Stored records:
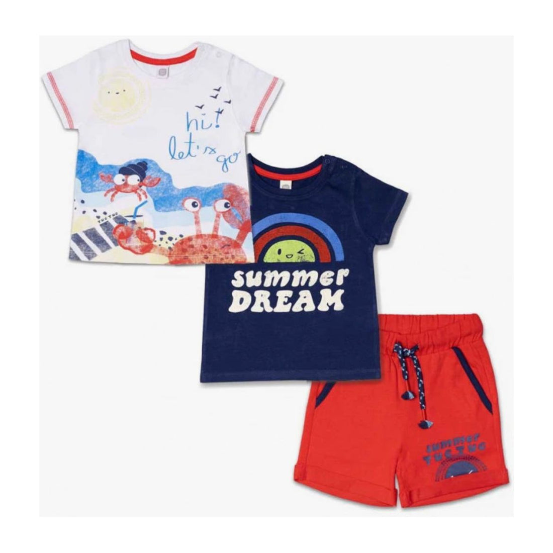 Three-piece knitted set for a boy. Blue t-shirt with 'summer dream' lettering and white t-shirt...
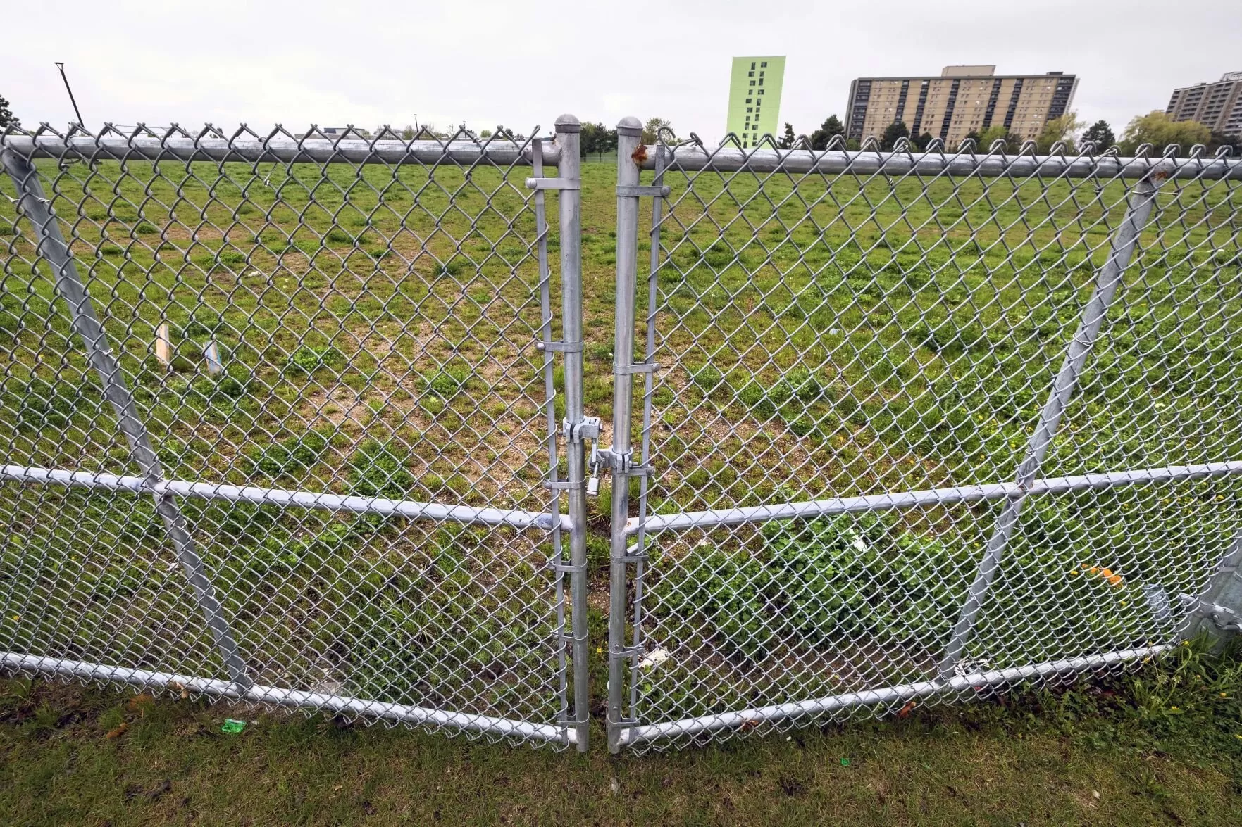 Vacant, fenced-in land at the former Firgrove public housing site in Toronto, awaiting redevelopment.
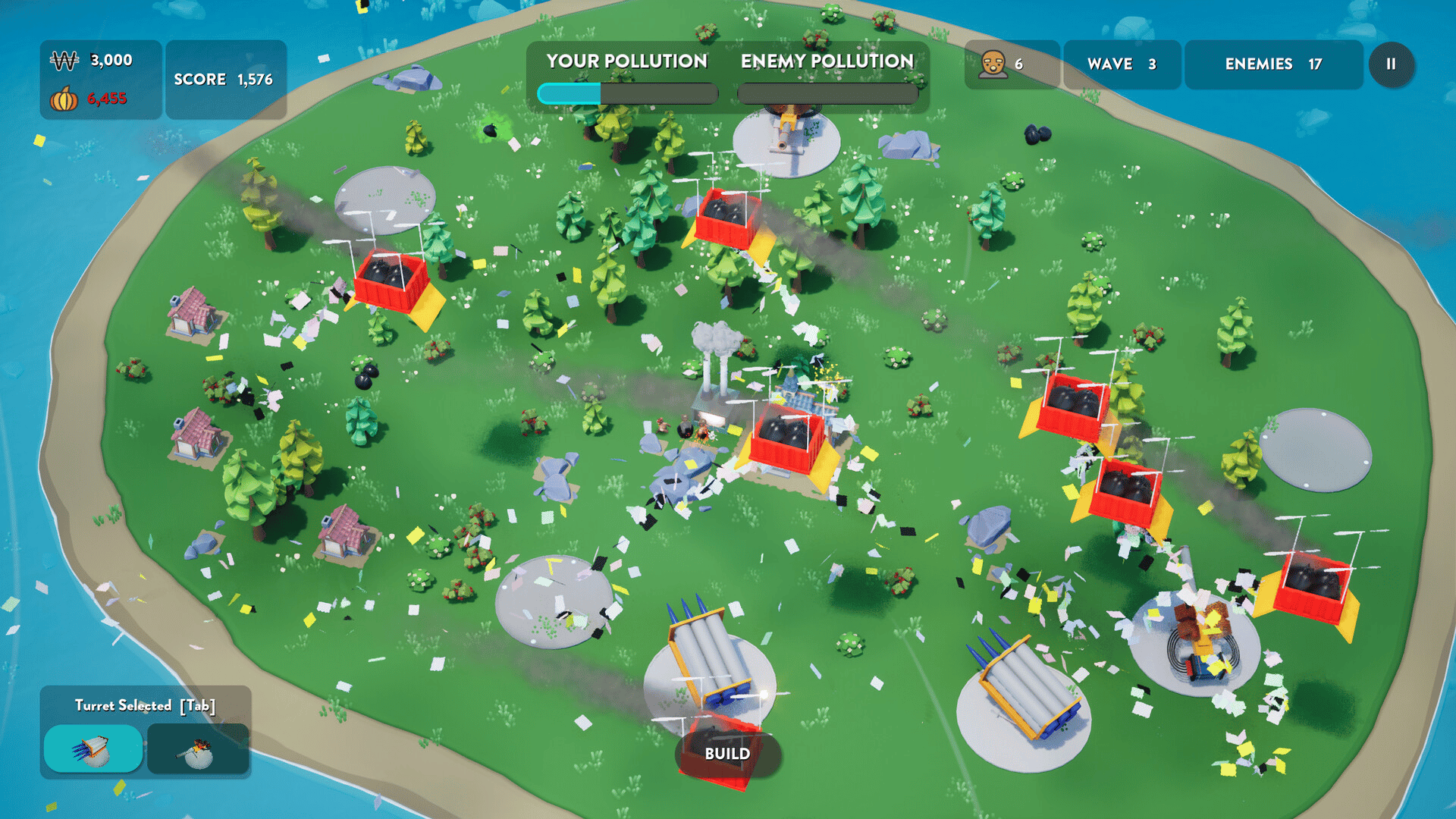 A 3D hybrid tower defense game! Defend against trash, send trash. Manage resources, build turrets, automate defenses, and survive against pollution.
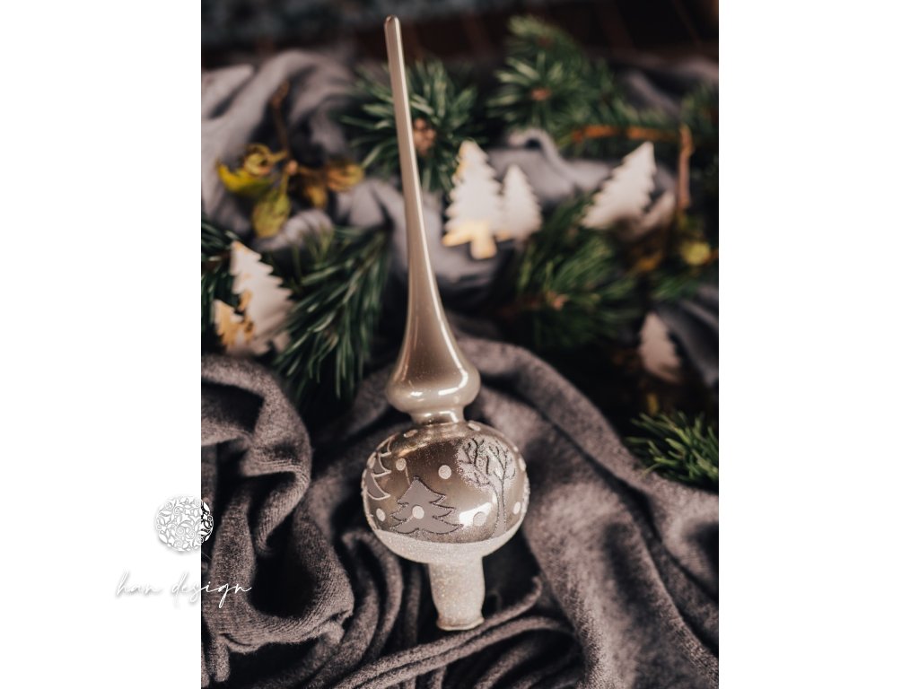 Špice, která korunuje vánoční stromek jako třpytivý klenot zimního rána. Její štíhlý a elegantní tvar zdobí reliéfní větvičky zasněženého lesa, které ve stříbrném porcelánovém odstínu jemně odrážejí světlo a přinášejí do výzdoby pocit ticha a magického klidu. Špice je symbolem ukončení sváteční kompozice s noblesou a půvabem.
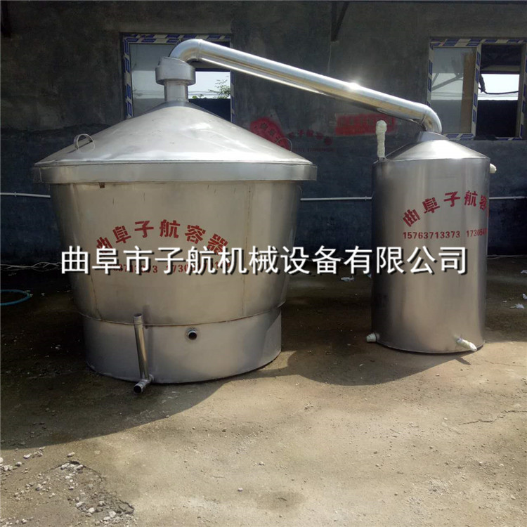 3.蒸餾:這款設(shè)備的酒料桶,可用來蒸飯,另因該設(shè)備的鍋爐上有兩個導(dǎo)汽管,只要另外配制一個蒸飯鍋,可在蒸酒的同時蒸飯,節(jié)約時間和燃料。
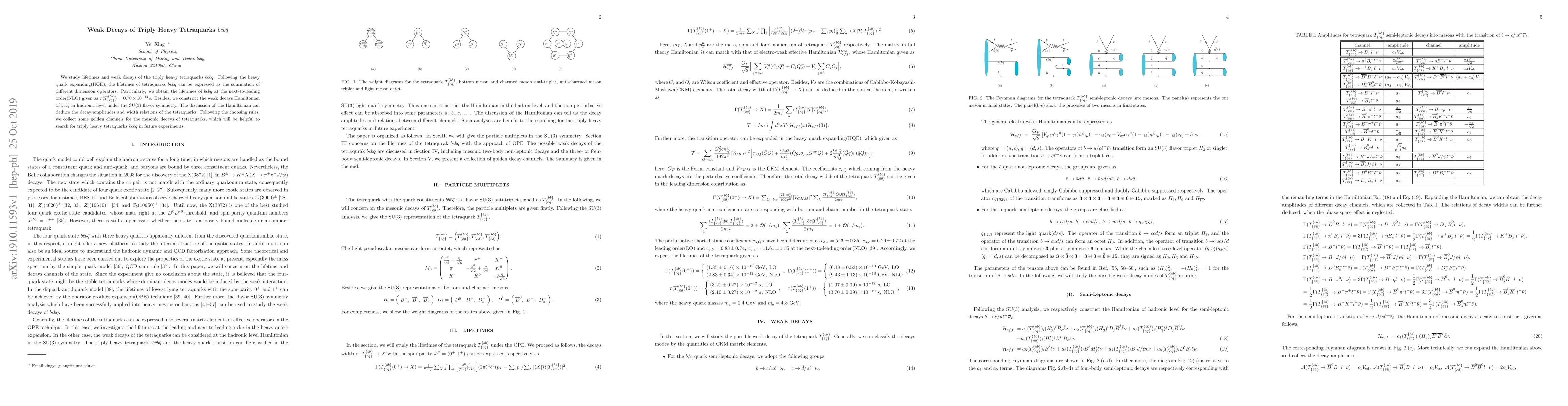 We study lifetimes and weak decays of the triply heavy tetraquarks ${b\bar c}{b\bar q}$. Following the heavy quark expanding(HQE), the lifetimes of tetraquarks ${b\bar c}{b\bar q}$ can be expressed as the summation of different dimension operators. Particularly, we obtain the lifetimes of ${b\bar c}{b\bar q}$ at the next-to-leading order(NLO) given as $\tau(T^{\{bb\}}_{\{\bar c\bar q\}})=0.70\times 10^{-12}s$. Besides, we construct the weak decays Hamiltonian of ${b\bar c}{b\bar q}$ in hadronic level under the SU(3) flavor symmetry. The discussion of the Hamiltonian can deduce the decay amplitudes and width relations of the tetraquarks. Following the choosing rules, we collect some golden channels for the mesonic decays of tetraquarks, which will be helpful to search for triply heavy tetraquarks ${b\bar c}{b\bar q}$ in future experiments.

→ **PROBLEM DESCRIPTION**
Would you please write out the entries in full, exactly as they read, but without pictures?

→ **RESULT OF THIS TASK**
 Three-piece knitted set for a boy. Blue t-shirt with 'summer dream' lettering and white t-shirt...
 Vacant, fenced-in land at the former Firgrove public housing site in Toronto, awaiting redevelopment.
 A 3D hybrid tower defense game! Defend against trash, send trash. Manage resources, build turrets, automate defenses, and survive against pollution.
 Špice, která korunuje vánoční stromek jako třpytivý klenot zimního rána. Její štíhlý a elegantní tvar zdobí reliéfní větvičky zasněženého lesa, které ve stříbrném porcelánovém odstínu jemně odrážejí světlo a přinášejí do výzdoby pocit ticha a magického klidu. Špice je symbolem ukončení sváteční kompozice s noblesou a půvabem.
 3.蒸餾:這款設(shè)備的酒料桶,可用來蒸飯,另因該設(shè)備的鍋爐上有兩個導(dǎo)汽管,只要另外配制一個蒸飯鍋,可在蒸酒的同時蒸飯,節(jié)約時間和燃料。
 We study lifetimes and weak decays of the triply heavy tetraquarks ${b\bar c}{b\bar q}$. Following the heavy quark expanding(HQE), the lifetimes of tetraquarks ${b\bar c}{b\bar q}$ can be expressed as the summation of different dimension operators. Particularly, we obtain the lifetimes of ${b\bar c}{b\bar q}$ at the next-to-leading order(NLO) given as $\tau(T^{\{bb\}}_{\{\bar c\bar q\}})=0.70\times 10^{-12}s$. Besides, we construct the weak decays Hamiltonian of ${b\bar c}{b\bar q}$ in hadronic level under the SU(3) flavor symmetry. The discussion of the Hamiltonian can deduce the decay amplitudes and width relations of the tetraquarks. Following the choosing rules, we collect some golden channels for the mesonic decays of tetraquarks, which will be helpful to search for triply heavy tetraquarks ${b\bar c}{b\bar q}$ in future experiments.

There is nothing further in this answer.